Les entreprises qui ne misent pas sur le BIM ont perdu la course. Êtes-vous d’accord?
Je ne le formulerais pas de manière aussi générale, même si l’affirmation n’est pas totalement fausse pour certains domaines tels que les grands projets. On peut le formuler ainsi: «Les entreprises qui ne misent pas sur le BIM réduisent de plus en plus leurs propres possibilités.» Les donneuses et donneurs d’ordre qui exigent le BIM ont entre-temps souvent acquis les compétences et l’expérience nécessaires et sont vraiment sérieux. En conséquence, je reçois de plus en plus de demandes de personnes et d’entreprises qui souhaitent soumissionner pour un contrat, mais qui ne savent pas encore comment proposer ou fournir les prestations BIM requises.

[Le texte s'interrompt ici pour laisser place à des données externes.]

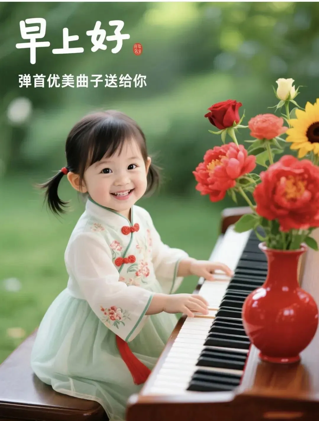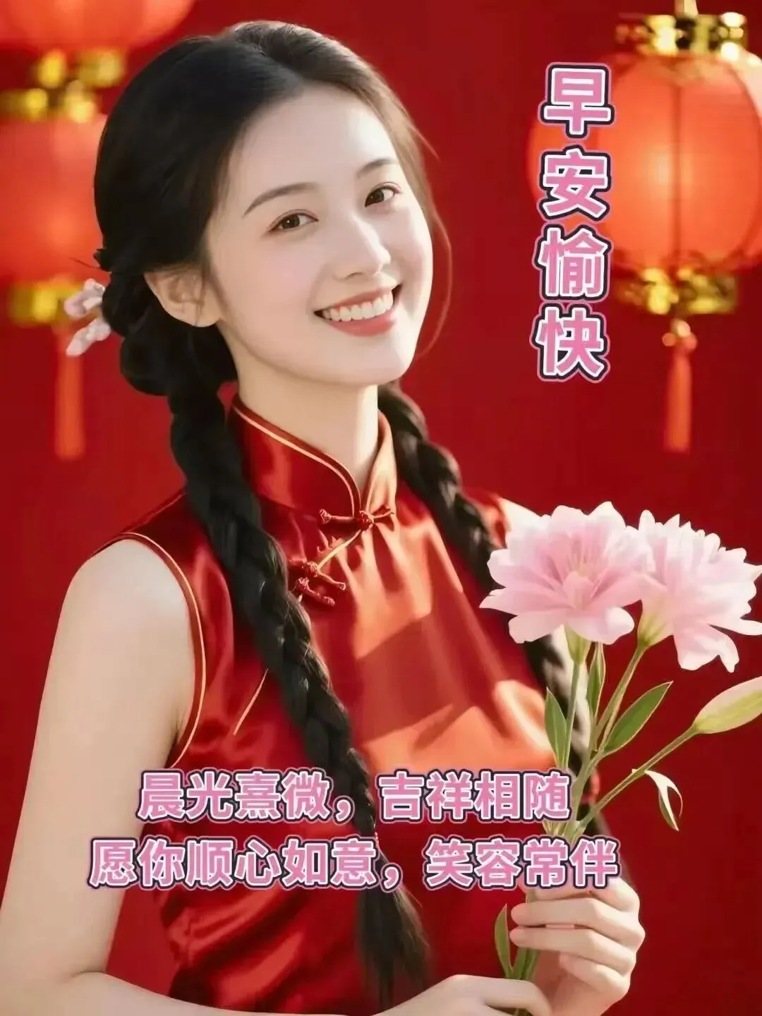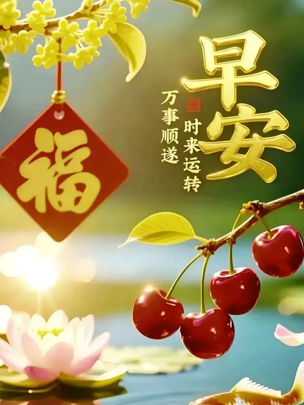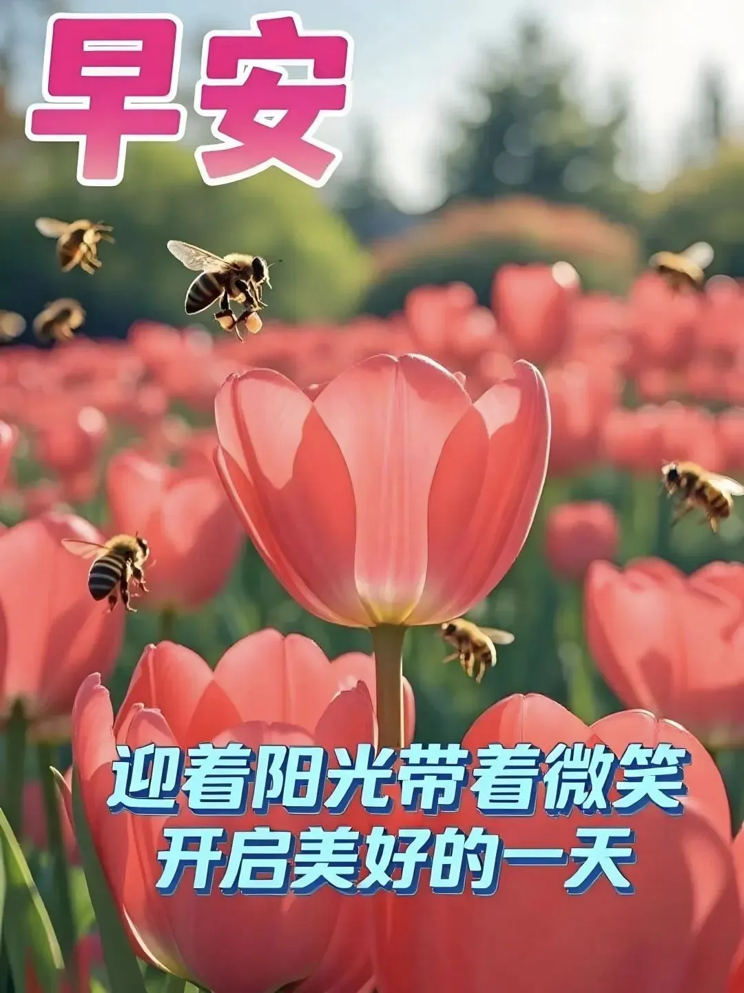 风中传来晨钟声,问候远方萦心间,愿你每天都开怀笑,快乐幸福绕身边。祝福跟随你的脚步,好运随着你的心愿,愿你一生充满灿烂,每天都是阳光般的美好!早安!

Andreas Pilot (43 ans) est architecte, entrepreneur en informatique et BIM manager. Depuis 2019, il dirige le BIM-Studio à l’Université technique de Darmstadt, où il se concentre sur l’enseignement et la recherche de méthodes interdisciplinaires basées sur des modèles. Il s’engage bénévolement auprès de différentes organisations, telle que buildingSMART ou la Chambre fédérale allemande des architectes, et a cofondé le réseau professionnel BIM_ag. Il coache notamment des architectes, des maîtres d’ouvrage et des entreprises sur le BIM et accompagne la mise en œuvre de méthodes numériques. Pour se détacher du numérique, il aime pratiquer des activités plus «pures», telles que la randonnée, la voile et le kitesurf.